Several strains of Salmonella are found in pet hedgehogs, including S Tilene, S Typhimurium, and S Enteritidis. Many cases of transmission to people have been documented, particularly in young children. It should be assumed that all pet hedgehogs can carry and transmit Salmonella. Because infected animals may shed intermittently, a negative culture cannot exclude the carrier state. Treatment aimed at eliminating the carrier state is unlikely to be successful and may lead to antibiotic resistance.
Human dermatophytosis from pet hedgehogs is also well documented. African pygmy hedgehogs can be subclinical carriers of Trichophyton mentagrophytes var erinacei, Microsporum spp, and Arthroderma benhamiae. In addition, some people are extremely sensitive to contact with African hedgehog spines and develop transient, markedly pruritic urticaria after handling a hedgehog.
Wild African hedgehogs are susceptible to foot-and-mouth disease. To prevent introduction of this disease to the USA, importation of African hedgehogs was banned by the USDA in 1991.
Rabies has not been reported in wild or captive African hedgehogs, but the salivation that occurs during anting is occasionally mistaken as a sign of rabies. A single report of rabies in a wild European hedgehog exists.
Human herpes simplex virus 1 was recovered from the liver of a pet African hedgehog that died acutely after glucocorticoid treatment for intervertebral disc disease. Monkeypox virus DNA was recovered from an African hedgehog housed with many other exotic species at a pet distributor facility in Illinois. Candida infection of the footpads and intestine of the African pygmy hedgehog has been reported. Acute intestinal cryptosporidiosis has been reported. A single case of Chagas’ disease (Trypanosoma cruzi) was reported in a captive African hedgehog housed outdoors in Texas.
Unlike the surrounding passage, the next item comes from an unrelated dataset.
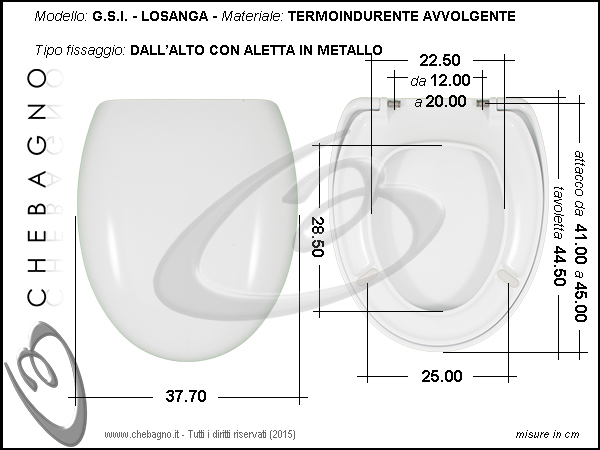 Dotazione copriwater: Coperchio avvolgente con copertura totale della ciambella in posizione di chiusura, kit di fissaggio in metallo regolabile, avvitabile dal basso e dall'alto (alta resistenza), paracolpi.
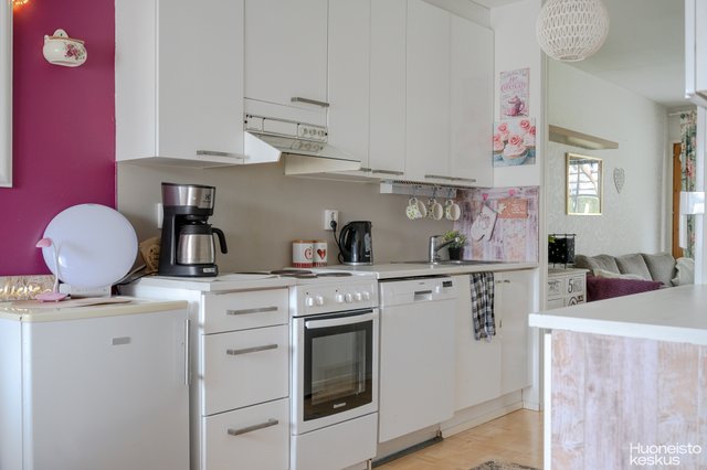 - Jääkaappi, erillinen pakastin, liesi, astianpesukone, ja liesituuletin

African pygmy hedgehogs are considered susceptible to a variety of infectious agents, based on susceptibility observed in other hedgehog species. Possible bacterial zoonoses include Yersinia pseudotuberculosis, Y pestis, Mycobacterium marinum, M avium intracellulare, Coxiella burnetii (Q fever), and Leptospira spp. Possible viral zoonoses include Crimean-Congo hemorrhagic fever, arboviral tickborne encephalitides, and paramyxoviruses of the Morbillivirus group. Chlamydia psittaci and Toxoplasma gondii have been isolated from wild European hedgehogs.